Los zopilotes, cebados igual que la muchedumbre, se balanceaban de un lado al otro. El emperador, sentado en su trono de piedra, se dispuso a dar la orden para que comenzaran los sacrificios.
2 El elegido
En el mismo instante en que el cuchillo estaba por enterrarse en la carne del niño, el viejo Tepec saltó del estrado reservado al Consejo de Sabios, elevó su bastón, caminó hacia el centro del templo y, como si la edad no le pesara, ascendió los peldaños de la pirámide hasta llegar, contra todo protocolo, a los pies del emperador. La multitud enmudeció. Los guardias quedaron expectantes a la espera de una orden; nunca antes nadie se había atrevido a semejante cosa. El anciano se inclinó respetuosamente y, sin mirarlo a los ojos, cosa prohibida a los subditos, se dirigió al rey con firmeza. Señalando al niño, le dijo que aquel esperpento escuálido y barrigón era muy poca cosa para ofrendar a los dioses, que ese pequeño provocaría la ira de Huitzilopotchtli, Dios de la Guerra, y lo vomitaría sobre la ciudad enviando pestes, desdichas e inundaciones.
– No hará más que traer la desgracia sobre Tenochtitlan -concluyó el viejo.
Si aquellas palabras hubiesen sido pronunciadas por cualquier otra persona, Axayácatl lo habría mandado a ejecutar de inmediato. Pero viniendo de quien tanto había hecho por el Imperio, tal vez hubiera motivos para dudar. El sacerdote que empuñaba el cuchillo pidió a los gritos al rey que no escuchara al anciano y se dispuso a descargar la punta afilada sobre aquel pecho diminuto y agitado. La multitud acompañó el pedido con una aclamación unánime. A un ápice estaba la cuchilla del cuerpecito enfermo, cuando Axayá-catl le ordenó al clérigo que se detuviera. Los zopilotes presenciaban la escena desesperados y lanzaban graznidos de indignación. El sacerdote se acercó hasta el monarca e intentó hacerle ver que no era posible cumplir la petición de clemencia de un mortal, por muy venerable que fuese.
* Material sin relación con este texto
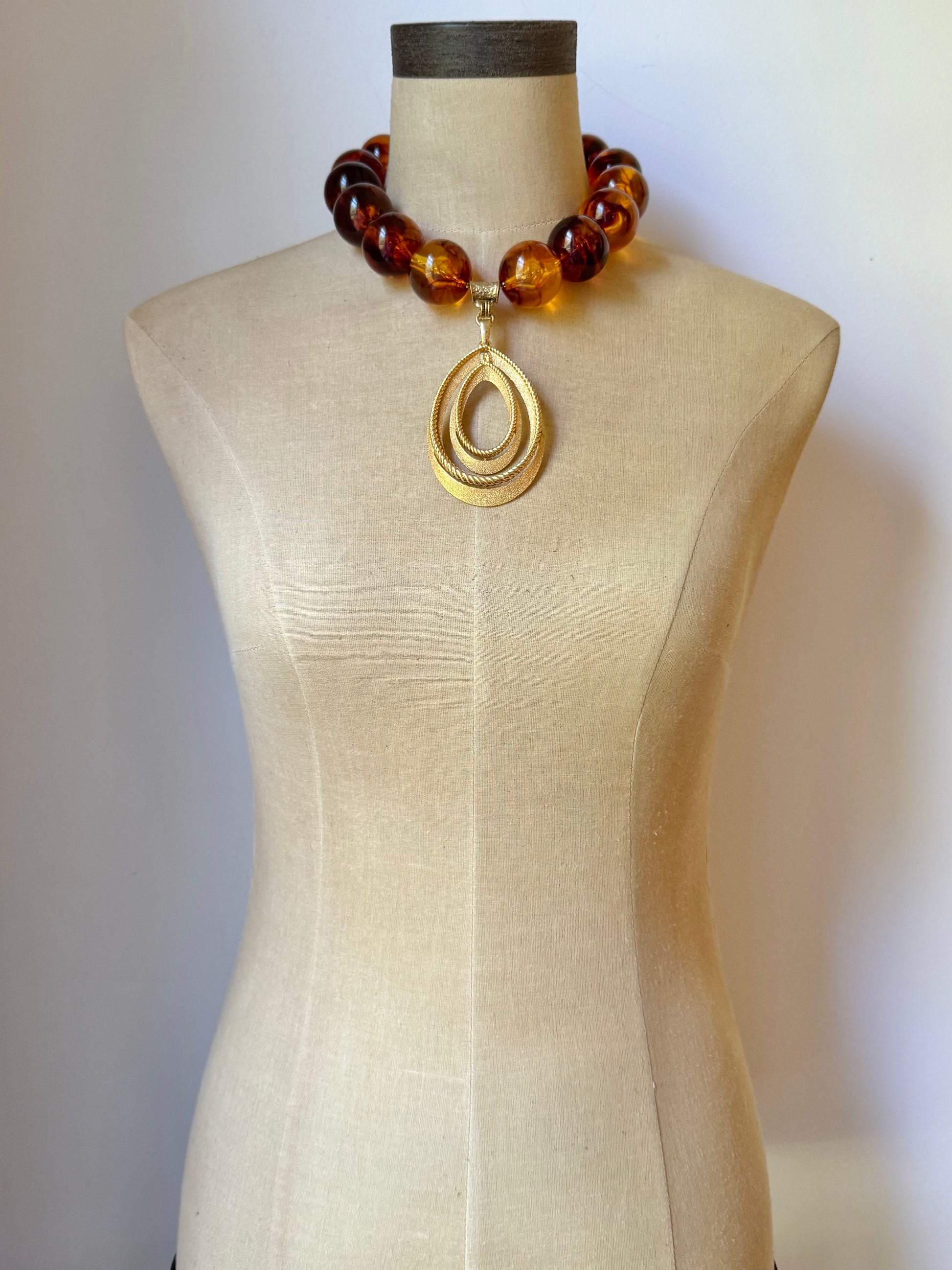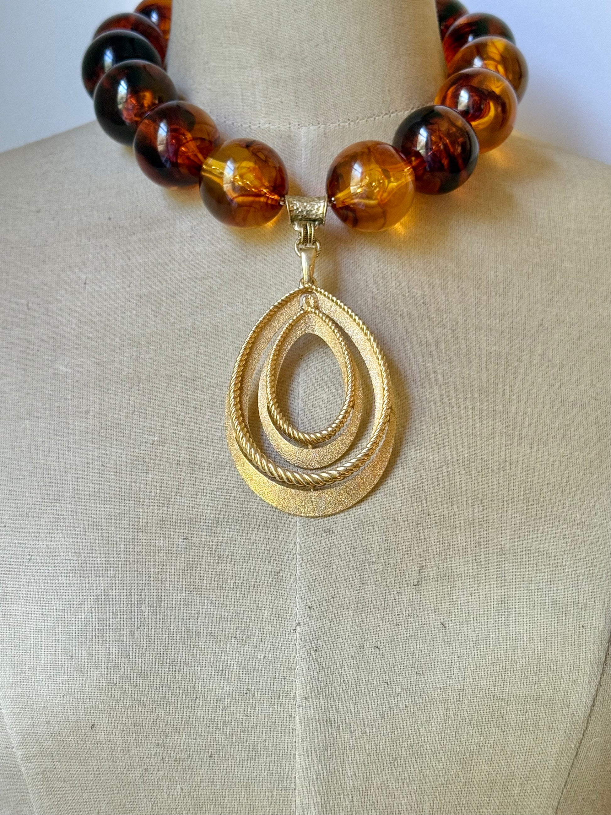 vintage 1970s gold-plated teardrop pendant gleams with timeless elegance, suspended from a handmade chain that pairs extra-large acrylic tortoiseshell beads with the delicacy of a fine gold-plated rolo link. each bead is rare and carefully chosen, lending the piece both boldness and refinement. the design is finished with an organic toggle clasp of antique gold-finished pewter, set with a rhinestone for a subtle sparkle. this clasp, us-made and crafted to be lead and cadmium free, echoes the old-world artistry of vintage closures while meeting modern standards of safety.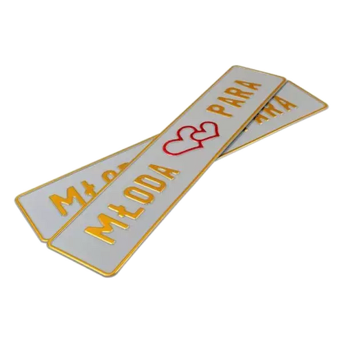 Tablice ślubne w bardzo modnym białym kolorze tłoczymy z wysokiej jakości aluminium. Ramkę i napis „MŁODA PARA” wykonaliśmy w kolorze złotym.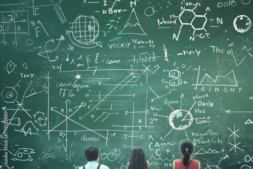 Children learning math and science concepts on board - Group of children in a classroom setting, facing a board filled with scientific diagrams and mathematical equations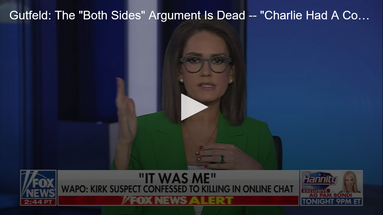 GREG GUTFELD: Don't play that bullshit with me. You know there was no what I'm saying is there was no demonization amplification about that woman before she died; it was a specific crime against her by somebody who knew her. Bring up Josh Shapiro, but you will not bring up, for example, that was a pro-Palestine person. Don't use your "what about this" angle. The fact of the matter is the both-sides argument not only doesn't fly — we don't care. We don't care about your both-sides argument. That sh-t is dead to us. There is no cognitive dissonance on our side too. On your side, your beliefs do not match reality, so you're coming up with these rationalizations: "What about this," or "what about that?"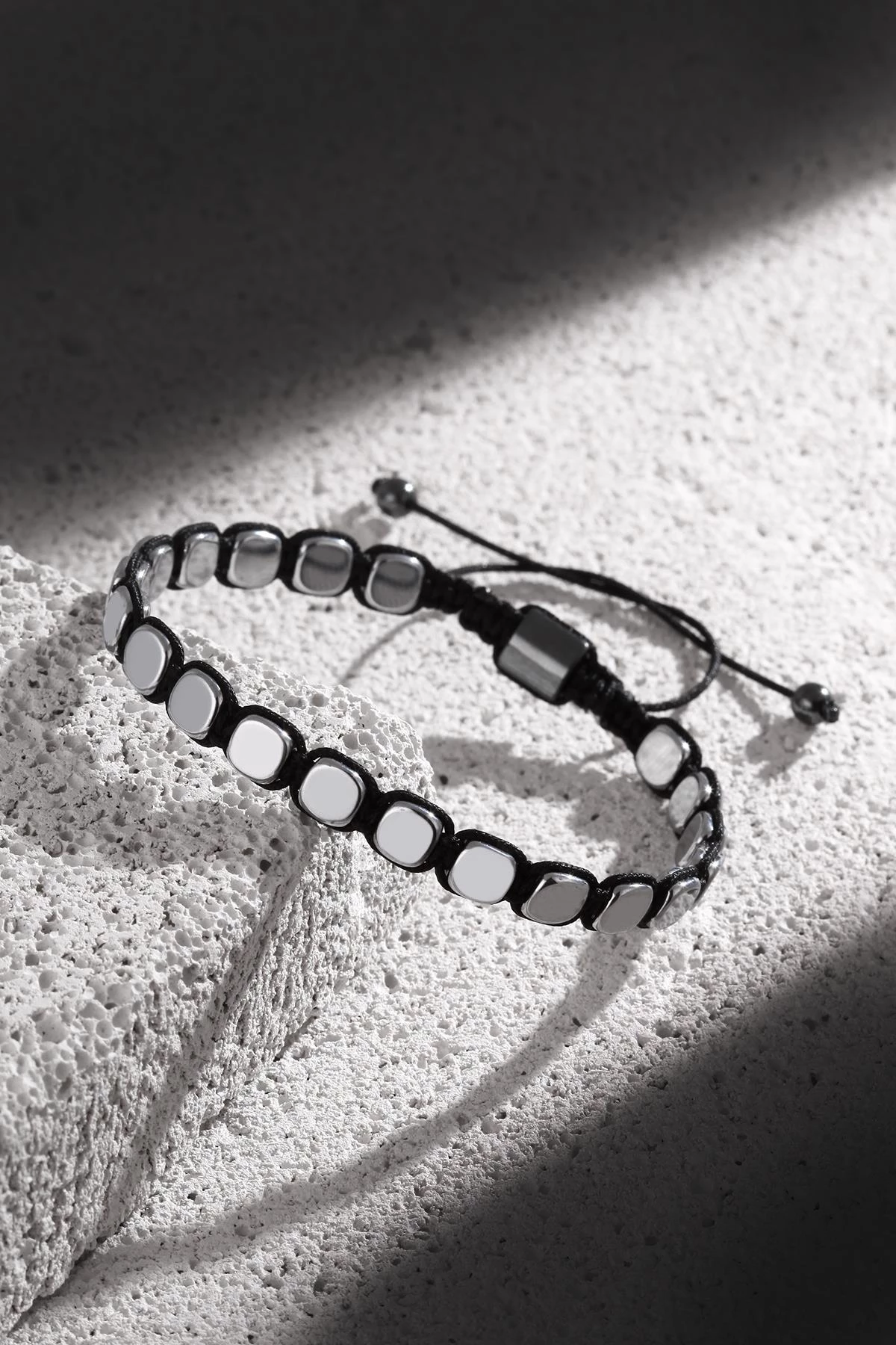NOON Hematit Taşlı Gümüş Renkli Siyah İpli El Yapımı Ayarlanabilir Erkek Makrome Bileklik NN1381

– No lo hago por compasión -le replicó el anciano, y le dijo que, al contrario, resultaría una imperdonable ofensa obsequiar a los dioses un niño evidentemente corrompido por la enfermedad.
El sacerdote se llamaba Tapazolli, nombre que significaba "nido de pájaros". Era un hombre de gesto severo y se caracterizaba por ser un mal verdugo: la muerte, en las manos de Tapazolli, era una lenta agonía. A diferencia de la mayoría de los sacerdotes, que ejecutaban sacrificios con mano veloz y separaban el corazón del pecho en unos pocos movimientos, él lo hacía con una minuciosidad tal, que parecía deleitarse en el sufrimiento. Tapazolli, igual que Tepec, también descendía de los antiguos toltecas y, a diferencia del anciano del Consejo, traía el legado de los guerreros que adoraban a Tezcatlipoca, advocación del Dios Huitzilopotchli a quien estaba dedicado el sacrificio que se disponía a ejecutar si, de una vez por todas, se lo permitían.